What to do:
Repeat exactly, and only, the lines from the line bearing "Rumohrsgård 2022 (Steen Weile)" through the end of the material. Do not copy the pictures.

Given data: Begin

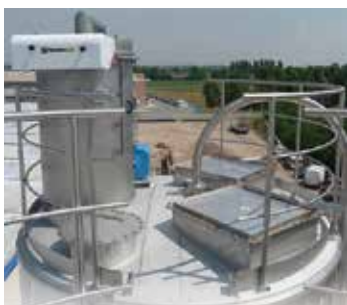
Filtrazione aria di carico e protezione ATEX
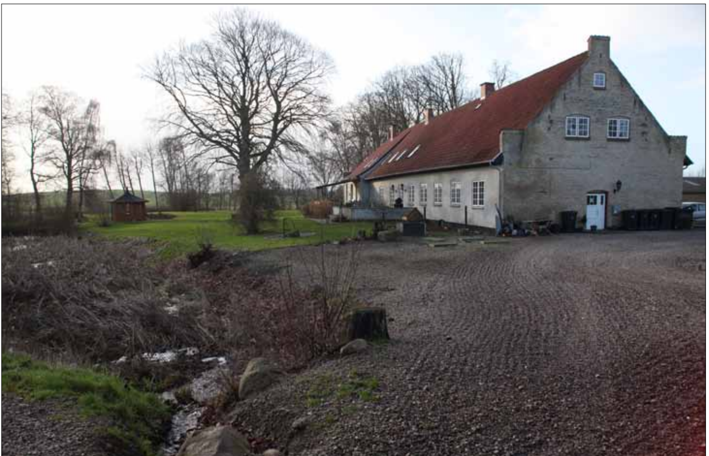
Rumohrsgård 2022 (Steen Weile)
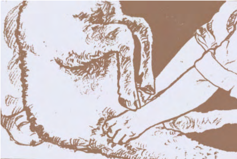
Fig. 5: Palpación de ganglios precrurales.

Given data: End

Solution:
Rumohrsgård 2022 (Steen Weile)
Fig. 5: Palpación de ganglios precrurales.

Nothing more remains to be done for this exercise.